The office of the European Union’s foreign policy chief Catherine Ashton has denied that the EU boss was forced to wear a hijab at meetings held in Iran alongside Mohammad Javad Zarif, her Iranian counterpart.
Though the meetings were criticised by some for Ashton’s failure to acknowledge Iran’s ongoing state-sponsorship of terrorism, others have also noted that Ashton’s ‘choice’ to wear hijab at the meetings, in deference to a custom which is argued to oppress Muslim women.
The incident comes just over a month after Italy’s foreign minister, Emma Bonino, was reported to have been ‘forced’ to wear the hijab at meetings in Iran. Iranian press reported that after Bonino’s plane landed in Tehran, an official carrying three head scarves boarded and asked Bonino to put one on before getting off the plane.
Jahan News said that the official failed to convince Bonino and phoned Zarif, the foreign minister, and asked him to speak directly to Bonino. Haaretz reported: “Zarif refused to do any such thing and told the protocol chief that if Bonino didn’t agree to cover her head, she wouldn’t be allowed off the plane. She would be forced to do a volte-face right back to Rome.”
When asked as to whether Ashton encountered a similar situation, her spokesperson told Breitbart London, “Catherine Ashton isn’t forced to do anything. She wore a headscarf out of respect to her hosts. The media likes to write about things that aren’t terribly controversial, but that’s life”.
But the headscarf is quite controversial to many women’s and human rights groups, who argue that the head covering is not Islamic, but rather a way to oppress women. Lelja Kuric, writing on the Left Foot Forward website, said of the face veil (niqab or burqa), which is a step beyond the hijab:
“If opposition to the face veil is bigoted then my grandmother and great-aunt are bigots for describing their own experience of wearing the burqa in the 1930s and 40s as “physical and mental slavery”.
“Assuming that males are sex-obsessed beasts, with no control over their animalistic instincts, is also demeaning to men, and arguably leads to a rape culture in which women are blamed for their own violation and sexual abuse. Men are afforded no agency or responsibility.”

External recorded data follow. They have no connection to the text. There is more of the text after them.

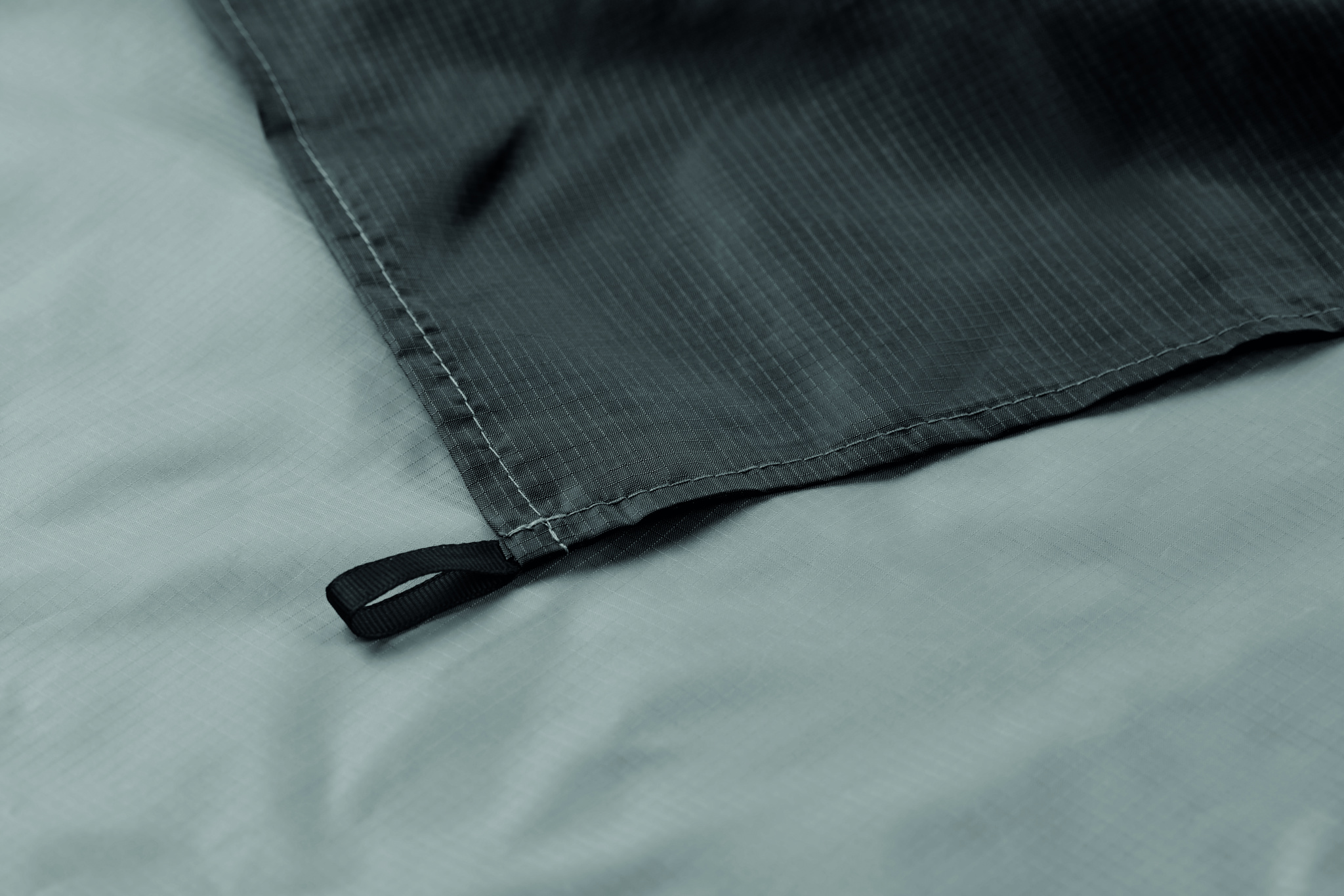 Kerge 210T polüestrist rannamatt, mõõtmetega 200x210 cm. Komplektis 4 musta konksu ja sobiv pingutusnööriga tasku mugavaks kaasaskandmiseks.
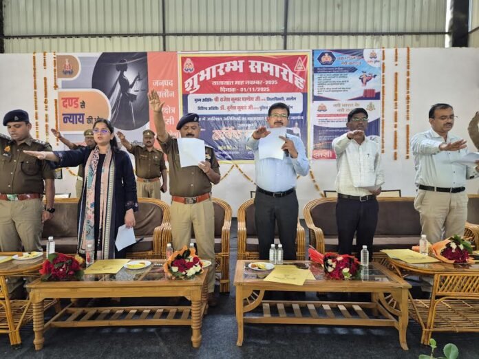 उरई (जालौन)।पुलिस लाइन उरई में सड़क सुरक्षा माह (यातायात माह) का शुभारंभ जिलाधिकारी राजेश कुमार पाण्डेय व पुलिस अधीक्षक डॉ. दुर्गेश कुमार ने संयुक्त रूप से फीता काटकर किया, यातायात जागरूकता वाहन को हरी झंडी दिखाकर रवाना किया।
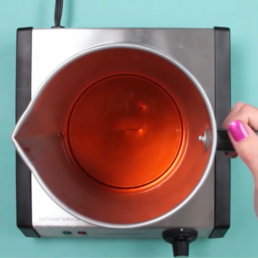 En la jarra especial para derretir velas, a fuego medio-bajo, derrite cuatro tazas de copos de cera de soja, revolviendo con frecuencia.
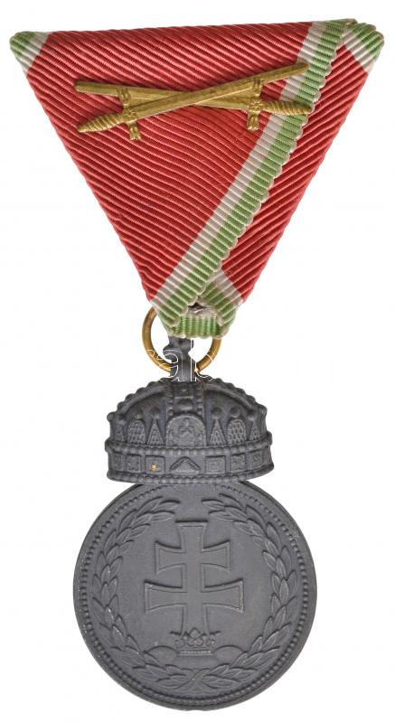 Hungary 1939-1945. "Hungarian Bronze Medal with the Holy Crown on a war ribbon with swords" gold plated war metal decoration with ribon and swords C:XF worn gilding
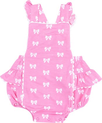 Ruffles and rickrack trim sweeten this bow-print bodysuit that will keep baby cool and cute on sunny days.
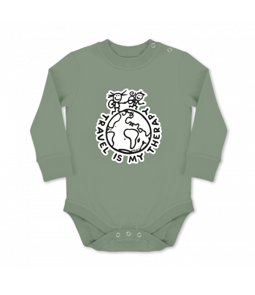 Dětské body dlouhý rukáv Lyžařská kolekce pro ženy s potiskem 1240 TRAVEL IS MY THERAPY v barvě OLIVA

Ashton’s ‘respect’ for her hosts is unlikely to endear her to women’s rights campaigners, much like the case of former Swiss President Micheline Calmy-Rey. When Foreign Minister, Calmy-Rey wore a headscarf to meet with then Iranian president Mahmoud Ahmadinejad.
While Calmy-Rey dismissed the incident as simply an observation of ‘local customs’, sources indicated that “without wearing a headscarf, [Calmy-Rey] probably would not have been able to have her meetings with the Iranian leadership”.